02-06-2013 06:16 AM
Brazil's Cerrados: Overview
Brazil's frontier region is booming, and the boom is destined to continue long into the future. The potential of this vast and largely untapped area--the largest virgin land mass on earth--is beyond rational speculation.Brazil's high-plains, the cerrados, cover an estimated 207 million hectares, or about one-fourth of the country. All but a small area lies south of the equator.
From a US perspective, the cerrados equal 26% of the area of the lower 48 states--more than 510 million acres--an area larger than the US east of the Mississippi River, excluding Florida. Only about 60 million ha--about one-fourth of the cerrados--is now economically used. Of that, dryland and irrigated crops cover about 25 million ha. The rest is in pasture.
EMBRAPA, Brazil's agricultural research organization, estimates that another 100+ million ha are suited for modern mechanized crop agriculture. More recently, the USDA estimated that between 145 and 170 million hectares (402 million acres) could be opened for crop production.

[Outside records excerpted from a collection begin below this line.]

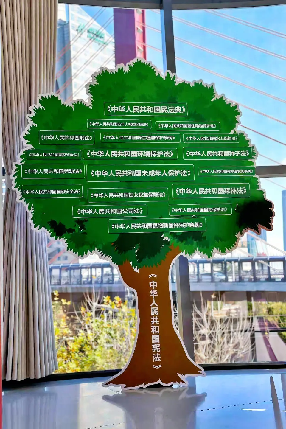 继续往上,三层盎然生机的生态意境带你解锁“宪法根本法”的硬核身份。这里以承载和谐共生理念的自然格调为基调,凸显宪法是根本法的核心地位。主题展板以“大树”为创意原型,生动展现宪法作为根本法与其他法律的关系,法治生态的“根基”作用一目了然。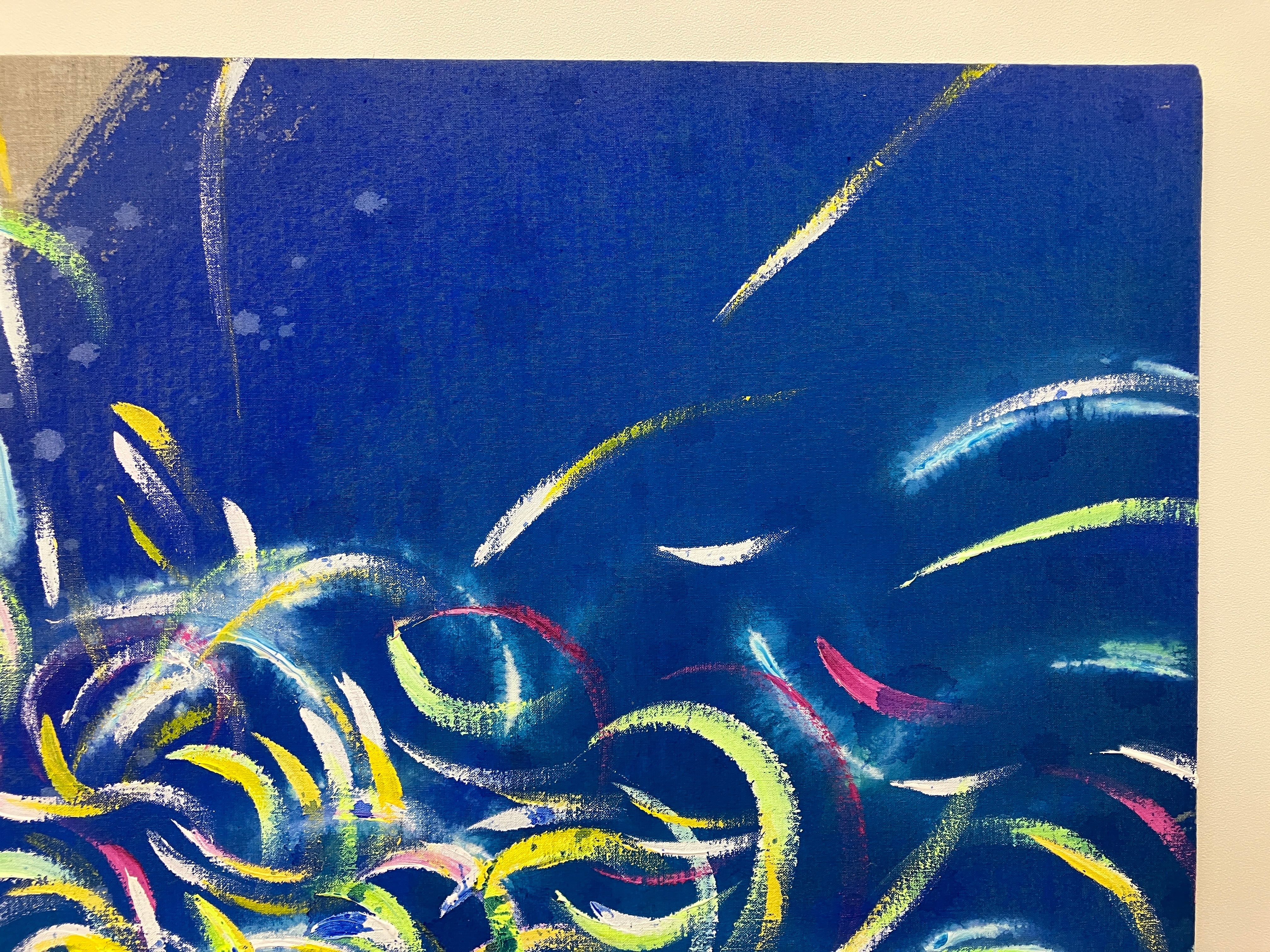 魂の存在というものがあるとすれば、エネルギーがぐるぐる回り響き合う、その動きそのものではないか。その響きを、魂の歌声を描いたシリーズです。「円」や「円の一部としての曲線」は、巡り回って循環していく形。下地を塗らない亜麻をキャンバスに用い、布地そのものの面は現実空間を表し、滲んだ背景や広がりをもつ色面は、空でも宇宙でもこの世でもない、無形のエネルギーの広がりを表しています。その境界の中で色とりどりに輝く、魂の響きが躍動します。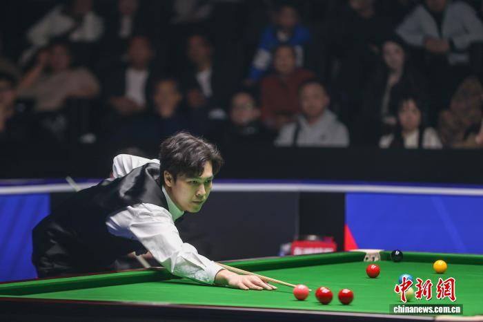 图为3月22日,江西玉山县,滚球(中国)app官网2026斯诺克寰宇公开赛冠军塔猜亚·乌努在决赛比赛中。刘力鑫 摄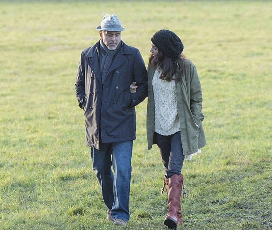 “Amal and George Clooney spotted walking in the Berkshire.”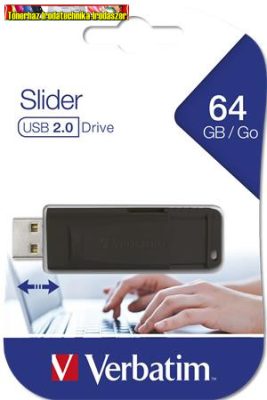 VERBATIM Slider Pendrive, 64GB, USB 2.0, fekete
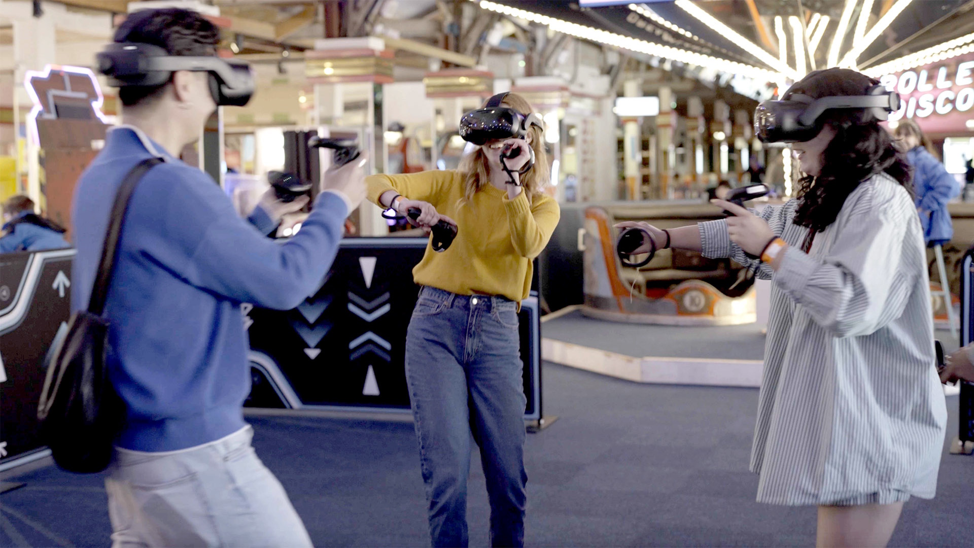 Unlike traditional VR arcades where you sit or stand in one spot, Free Roam VR lets you:

This means that the agricultural area yet to be opened is more than 25 percent larger than the total crop acreage of the U.S.
For more information on Brazil's Cerrados, see http://www.fas.usda.gov/pecad2/highlights/2003/01/
02-06-2013 08:02 AM - edited 02-06-2013 08:02 AM
Going on an ag type tour to Brazil has been on the bottom of my bucket list for some time but I think I may move it up a number of notches.
Does Ag.Com have an opening for an investigative hands on "reporter"(read that as a hobbyfarmer that wants to go someplace warm next Dec to Feb time frame) that could go there and send back picts and reports from there next winter?
Always nice to have a little financial help from Corporate.
02-06-2013 08:03 AM
Fascinating I wonder when water resources might become an issue there. That's OK just clear another fenceline, drain another wetland,and wonder why it won't rain anymore. This post is not written by a crazy conservationist just a realist
02-06-2013 08:12 AM
It is my understanding that some of the older converted areas had a 20% rule and now the rule is 50% has to be "untouched".
02-06-2013 08:22 AM
The fact that Brazil has more untapped acres than the USA currently has in production is something that has been talked about for decades. I always keep that in mind when the land bubble in America gets high and you start hearing things like " well, they ain't making anymore land". It really helps to keep things in perspective, and allows one to be extemely patient.
02-06-2013 08:26 AM
Water resoursces--------------- what areas i have been looking(just satallite viewing) show a lot of surface resource and a fair amount of reservoir water currently. I did not see much irrig. development from that. but with 80 inches of rain predictibly......................
I wonder why yields on established ground are not better than they are presently?? Not enough fertilizer production?? Just looks like underdeveloped potential---------- the more i look..
02-06-2013 09:49 AM
Thanks Hobby. I went on a trip to Brasil in 1968 and ended up on a ranch in the cerrado. I liked to never get back to civilization it is a huge area. Land I believe was 25 cents per acre,but it was a dictatorship then. I did not see potential of that red soil and large termite mounds and scrub brush, On a side note I did get to Rio eventually, but ran out of money and my parents were kind and wired enough money to get me and my friend home. WE went during summer college break.